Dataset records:
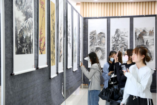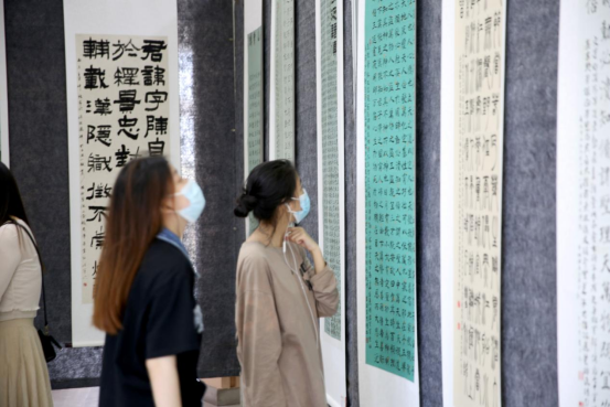 开展当日,190幅书画作品吸引了众多师生前来观摩。工笔国画、写意国画、楷书、隶书、篆刻等,众多类型的书画作品令人目不暇接。一时间,现场观者如织,热闹非凡。
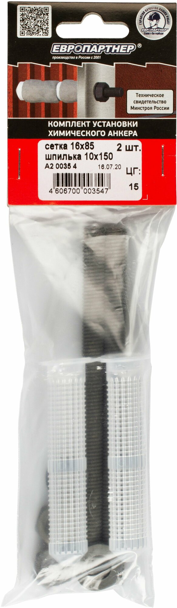 Купить Европартнер Комп. устан. хим.анкера P10M в пустот, сетка 16х85 + шпил ТДЦ 10х150мм 2 шт. A2 0035 4
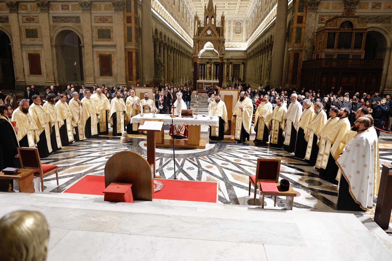 Marți, 20 ianuarie 2026, Preasfințitul Părinte Episcop Siluan al Episcopiei Ortodoxe Române a Italiei, înconjurat de un sobor de clerici din Roma și împrejurimi, a săvârșit slujba Vecerniei ortodoxe în limba italiană, în Basilica San Paolo Fuori le Mura din Roma.
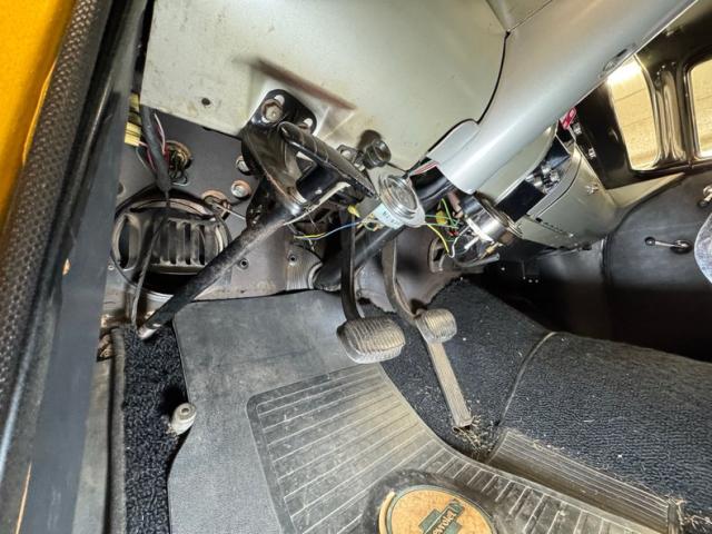 Keeping it simple on the inside, smooth black vinyl covers most of it, beginning with the door panels, flat and wrinkle free with no gaudy trim. The split bench in front and the full bench in back are basic black with no stitching or tufting and in nice condition save for a surface crack near where the upper and lower meet. A wooden three spoke sports wheel shares the column with a rather old school tachometer, just in front of the standard instrument cluster, clean, neat, and symmetrical and an AM radio is also embedded in the dash, all with a slight patina we don\'t mind at all! A floor mounted Hurst shifter rises from the depths of black loop carpet and the stitched black headliner is in good shape. The trunk is nicely painted and wears a fitted rubber mat.
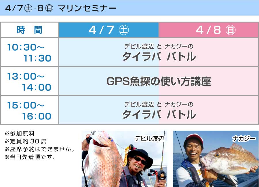 22日(土)と23日(日)に行われるマリンセミナーでは、フィッシングキャスターの伊丹章さんや、釣りガールの蒼井さやさん、デビルワタナベさんも参加!
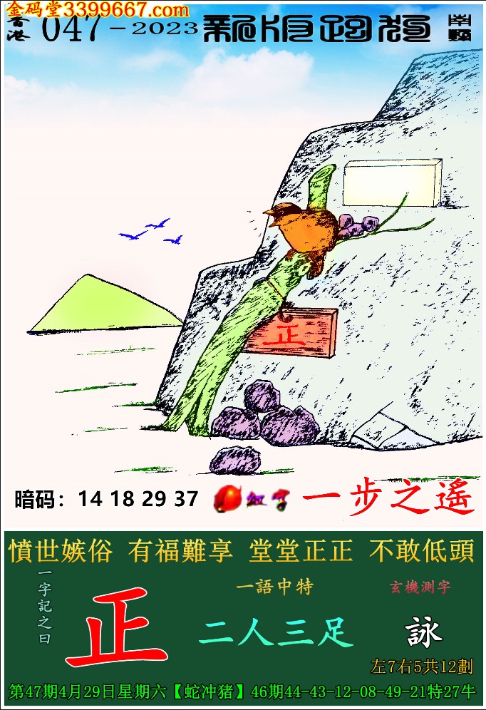 047期:新版跑狗一字記之曰【正】 玄機測字:《詠》
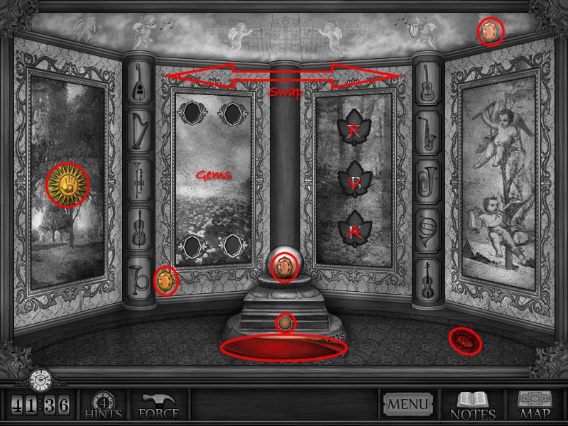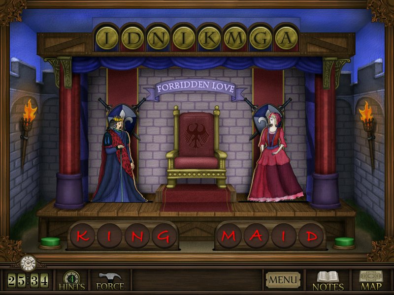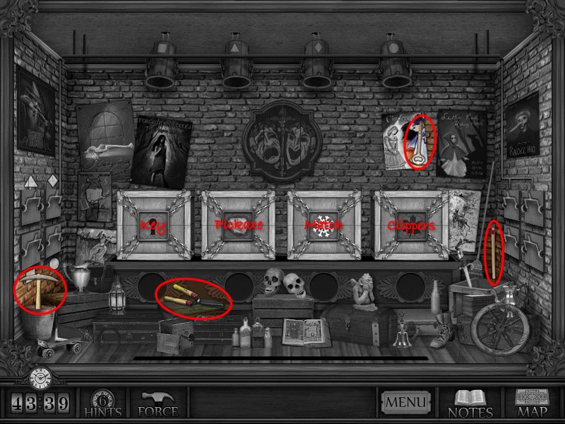 Puzzles: Puzzles can be solved by clicking the hammer or Force button, but at the cost of hints and time. Some puzzles are optional and do not need to be solved to progress through the game but will earn you bonus hints.
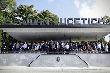 Estuvieron presentes la jefa de Asesores del Gobernador, Cristina Álvarez Rodríguez; los ministros de Gobierno, Carlos Bianco; y de Economía, Pablo López; el jefe de la Policía provincial, Javier Villar; y el subjefe, Leandro María Sarlo; el director de la Escuela Juan Vucetich, Comisario Mayor Rino Liva; funcionarios y funcionarias provinciales.
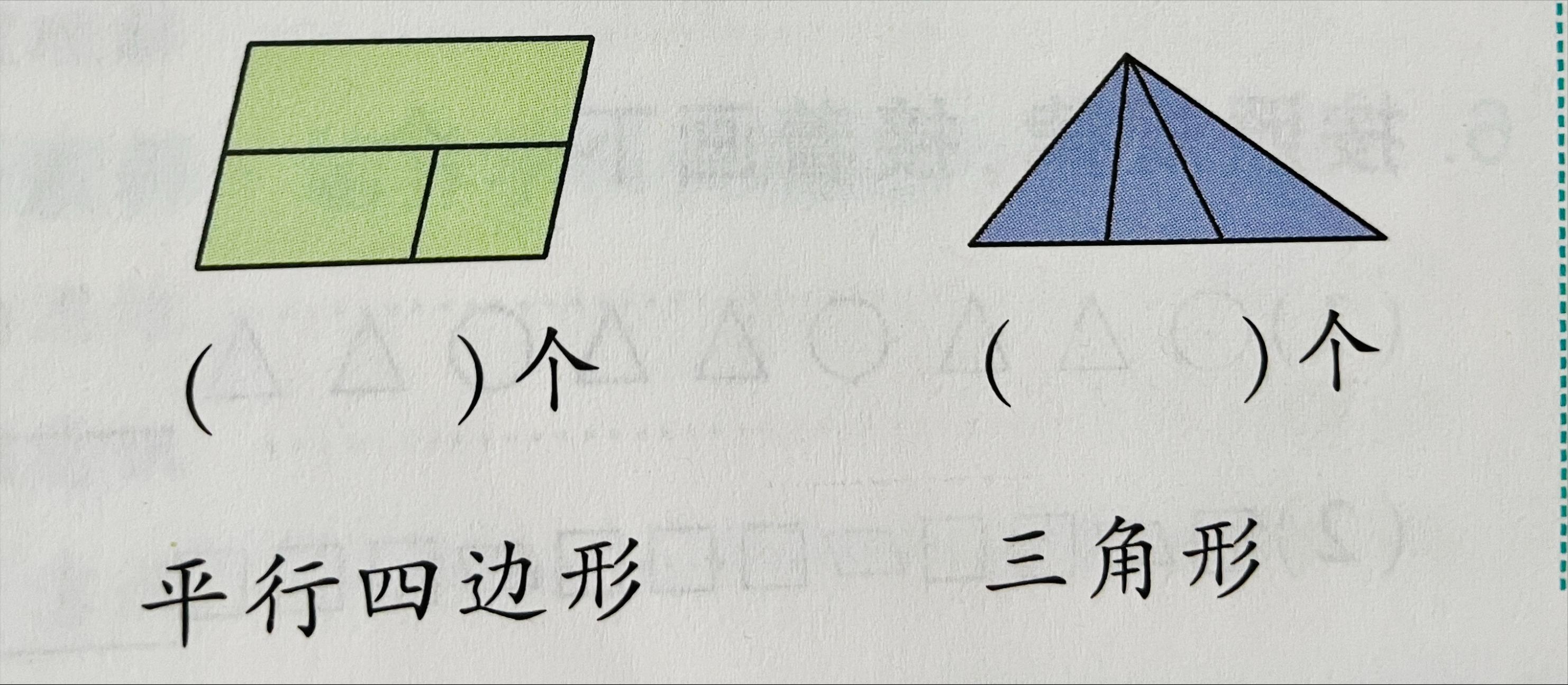 第二类是几个平面图形组合在一起,要求孩子不仅要数出单个图形的个数,还要数出组合出的新图形的个数。
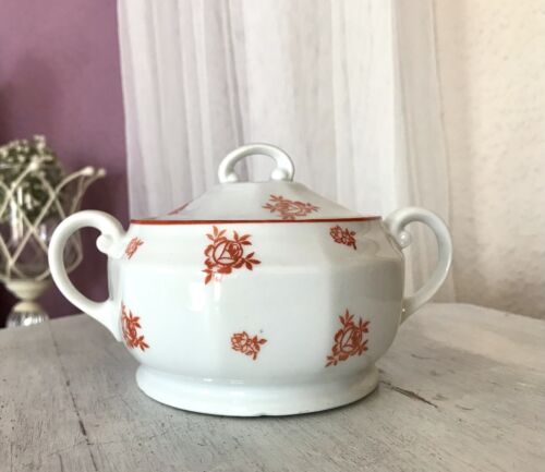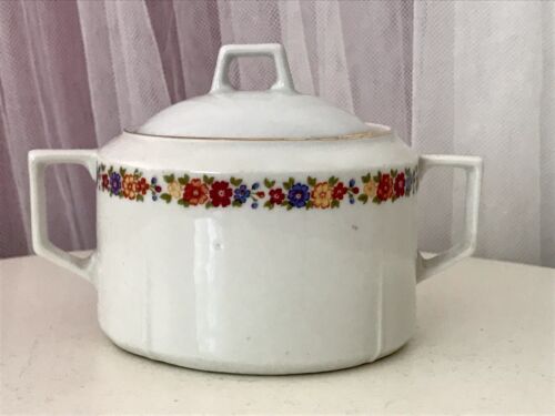 Antik Art Déco Porzellan Zuckerdose Blumen Muster Rand
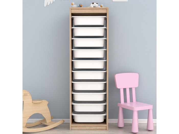 Η SANI είναι μια στενή και ψηλή συρταριέρα με πλαίσιο από μελαμίνη σε χρώμα SONAMA, και 10 ΛΕΥΚΑ συρτάρια από πολυαιθυλένιο (πλαστικό). Ιδανική συρταριέρα για την καλύτερη οργάνωση του παιδικού δωματίου.

Prompt: Working from the entries above, reproduce exactly and only the lines beginning with the line that has "Marți, 20 ianuarie" and ending with the line that has "22日(土)と23日(日)に"; omit all pictures.

Expected output:
 Marți, 20 ianuarie 2026, Preasfințitul Părinte Episcop Siluan al Episcopiei Ortodoxe Române a Italiei, înconjurat de un sobor de clerici din Roma și împrejurimi, a săvârșit slujba Vecerniei ortodoxe în limba italiană, în Basilica San Paolo Fuori le Mura din Roma.
 Keeping it simple on the inside, smooth black vinyl covers most of it, beginning with the door panels, flat and wrinkle free with no gaudy trim. The split bench in front and the full bench in back are basic black with no stitching or tufting and in nice condition save for a surface crack near where the upper and lower meet. A wooden three spoke sports wheel shares the column with a rather old school tachometer, just in front of the standard instrument cluster, clean, neat, and symmetrical and an AM radio is also embedded in the dash, all with a slight patina we don\'t mind at all! A floor mounted Hurst shifter rises from the depths of black loop carpet and the stitched black headliner is in good shape. The trunk is nicely painted and wears a fitted rubber mat.
 22日(土)と23日(日)に行われるマリンセミナーでは、フィッシングキャスターの伊丹章さんや、釣りガールの蒼井さやさん、デビルワタナベさんも参加!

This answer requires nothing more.